If the overall unit decline through June, as reported by the MIC, is 42 percent, then dealers in pockets of the country are suffering even more. Such large declines combined with the scarcity in commercial credit means many franchised dealers are having trouble making payroll. And they are likely falling behind in their payments to some of their largest creditors, their OEMs. (Obviously I’m excluding the minority of dealers who buy their inventory outright — more on them later.)

This brings me to my main question: How much assistance should the OEMs provide to ailing dealers?

Financial advisers often say that people should have enough savings to cover six months of living expenses. I don’t know if this applies to small businesses, but if you consider the falling-off point as last October, some dealers (many of whom are in the Sun Belt) have suffered 50-percent-plus declines for about 11 months. Most of these dealers didn’t anticipate such declines (how could they?), and many don’t have enough money to counteract them. So they’re cutting down costs in the hopes of riding out the recession.

But you can cut only so much. Consider flooring again. A dealer commenting on our website says the OEMs should provide flooring relief; otherwise, a large percentage of dealers will perish. So far, he claims, the OEMs have done nothing.

That’s one dealer viewpoint. Other dealers think the exact opposite. I’m talking now of those well-off dealers who often don’t even need flooring. The owners of two major stores in Southern California, for example, say they resent the OEMs’ efforts to keep sinking stores afloat. They ask, why shouldn’t these overly leveraged stores be allowed to go out of business? It will result in less competition for us.

But even one of these Southern California dealers praises Kawasaki for paying dealer holdbacks every two months instead of every six. So it seems even these healthy dealers appreciate some assistance. “Too much help” is debatable.

I think a great article for us would be a summary of how each OEM has changed its policies since last October. Dealers would find such a comparison among the OEMs interesting — regardless of how they stand on the assistance issue.

Here’s another complaint I’ve heard from healthy dealerships: The new volume of sales simply can’t support so many dealerships. Closings are necessary. These successful dealers may even take issue with my hoping in the previous blog that failed dealers at least find a buyer.

But how permanent is this new volume of sales?

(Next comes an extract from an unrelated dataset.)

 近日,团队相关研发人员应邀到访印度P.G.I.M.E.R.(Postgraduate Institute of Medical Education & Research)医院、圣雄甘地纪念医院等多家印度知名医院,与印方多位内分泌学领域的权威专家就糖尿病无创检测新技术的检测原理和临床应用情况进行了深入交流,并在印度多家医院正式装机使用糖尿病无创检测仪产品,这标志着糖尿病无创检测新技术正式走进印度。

Are we on the cusp of a major rebound? Every economist and every corporation in the country is trying to answer this. And so are the OEMs. Perhaps it would cost them more money to have a bunch of stores close and then open up new points when the economy rebounds. In that case, it would be to their benefit to help ailing stores survive. But if these numbers are going to be the norm for the next few years, then perhaps we do have too many stores.

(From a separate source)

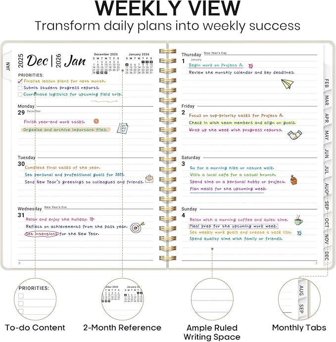 - Thoughtful Weekly Layout: Our planner features each two-page weekly spread, from Monday to Sunday, offering ample lined writing space. It also includes popular holidays, two-month reference previews, and a dedicated priorities area, making it easy to manage appointments, notes, and daily tasks.

So basically I think the OEMs will do whatever they think is in their best interest, as many of them (if not all) are legally bound to do.

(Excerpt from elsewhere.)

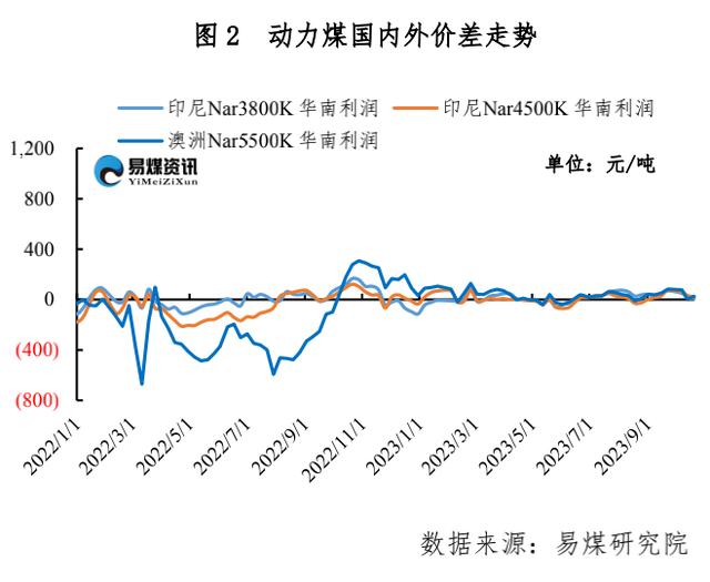 就進(jìn)口市場(chǎng)而言,沿海電廠庫存環(huán)比回落但依舊位于歷史高位,兩廣地區(qū)和福建庫存較為充裕,電廠仍以剛需采購為主,議價(jià)話語權(quán)較高,但海外煤價(jià)支撐較為堅(jiān)挺,進(jìn)口煤采購成本依舊較高,而內(nèi)陸電廠進(jìn)入過冬補(bǔ)庫時(shí)期,短期內(nèi)貿(mào)價(jià)格維持穩(wěn)定,故短期進(jìn)口煤價(jià)支撐仍在。

Have an opinion on OEM assistance, or some data to share? Please post it below. You can also e-mail me at I will respect confidentiality requests.

One Response to “How Much Should the OEMs Help You?”

  1. michael milstaed Says:

    The rush to sign up everyone under the sun will not pay off as 2009 season slows even more. Small dealerships suffer the most because already cut to the bone simply have nothing left to cut. Cut personal and no one to do what service comes in, the only saving grace would be not holding a lot of inventory but when pushed to get as many as possible on credit was now a big mistake. the distributors still push more more more and punish those who do not buy more or stock.